*Activity*. In the records below, find the line with "IVIM Yoga Pilates" and the line with "این رگال دیواری". Print both exactly, along with every line between them, and no other line.

*Working data*.
::::::::::

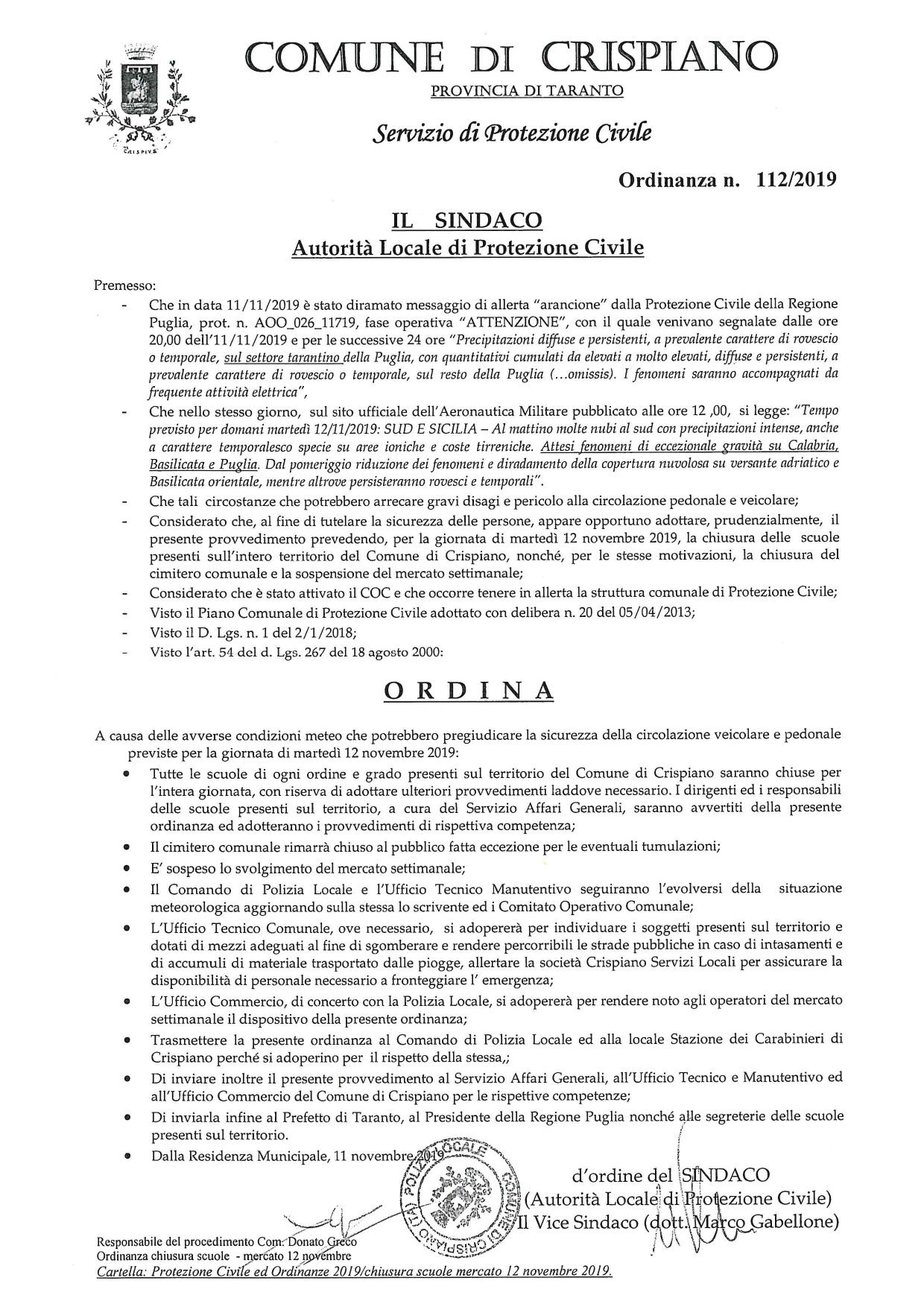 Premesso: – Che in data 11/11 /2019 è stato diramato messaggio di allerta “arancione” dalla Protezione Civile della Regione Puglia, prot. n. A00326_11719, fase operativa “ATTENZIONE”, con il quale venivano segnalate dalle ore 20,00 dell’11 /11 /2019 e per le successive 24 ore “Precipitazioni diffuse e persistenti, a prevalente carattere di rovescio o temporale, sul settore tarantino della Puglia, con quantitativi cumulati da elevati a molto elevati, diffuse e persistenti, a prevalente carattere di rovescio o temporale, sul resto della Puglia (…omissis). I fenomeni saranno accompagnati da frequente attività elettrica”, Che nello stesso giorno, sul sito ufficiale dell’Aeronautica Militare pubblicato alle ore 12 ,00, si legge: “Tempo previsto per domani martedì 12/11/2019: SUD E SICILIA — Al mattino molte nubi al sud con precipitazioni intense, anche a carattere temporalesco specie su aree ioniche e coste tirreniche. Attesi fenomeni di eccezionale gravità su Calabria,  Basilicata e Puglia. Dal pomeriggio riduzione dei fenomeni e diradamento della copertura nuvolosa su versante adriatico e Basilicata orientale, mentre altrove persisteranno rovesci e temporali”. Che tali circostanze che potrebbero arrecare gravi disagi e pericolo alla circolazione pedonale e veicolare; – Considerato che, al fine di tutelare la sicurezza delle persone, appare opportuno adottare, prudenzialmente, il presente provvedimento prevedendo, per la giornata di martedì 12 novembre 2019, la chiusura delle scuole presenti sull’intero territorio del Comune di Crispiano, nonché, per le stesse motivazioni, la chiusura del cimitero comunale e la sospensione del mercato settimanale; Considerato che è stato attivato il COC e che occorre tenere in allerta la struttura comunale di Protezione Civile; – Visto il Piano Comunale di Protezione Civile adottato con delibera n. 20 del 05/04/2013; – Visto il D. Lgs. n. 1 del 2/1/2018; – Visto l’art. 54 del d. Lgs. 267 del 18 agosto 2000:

::::::::::

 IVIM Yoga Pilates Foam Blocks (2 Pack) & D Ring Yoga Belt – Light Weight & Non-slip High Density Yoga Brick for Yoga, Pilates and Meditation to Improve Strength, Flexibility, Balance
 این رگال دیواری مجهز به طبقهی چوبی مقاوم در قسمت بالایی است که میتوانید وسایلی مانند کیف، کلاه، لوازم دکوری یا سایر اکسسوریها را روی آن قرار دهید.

::::::::::

*Output for this task*.
 IVIM Yoga Pilates Foam Blocks (2 Pack) & D Ring Yoga Belt – Light Weight & Non-slip High Density Yoga Brick for Yoga, Pilates and Meditation to Improve Strength, Flexibility, Balance
 این رگال دیواری مجهز به طبقهی چوبی مقاوم در قسمت بالایی است که میتوانید وسایلی مانند کیف، کلاه، لوازم دکوری یا سایر اکسسوریها را روی آن قرار دهید.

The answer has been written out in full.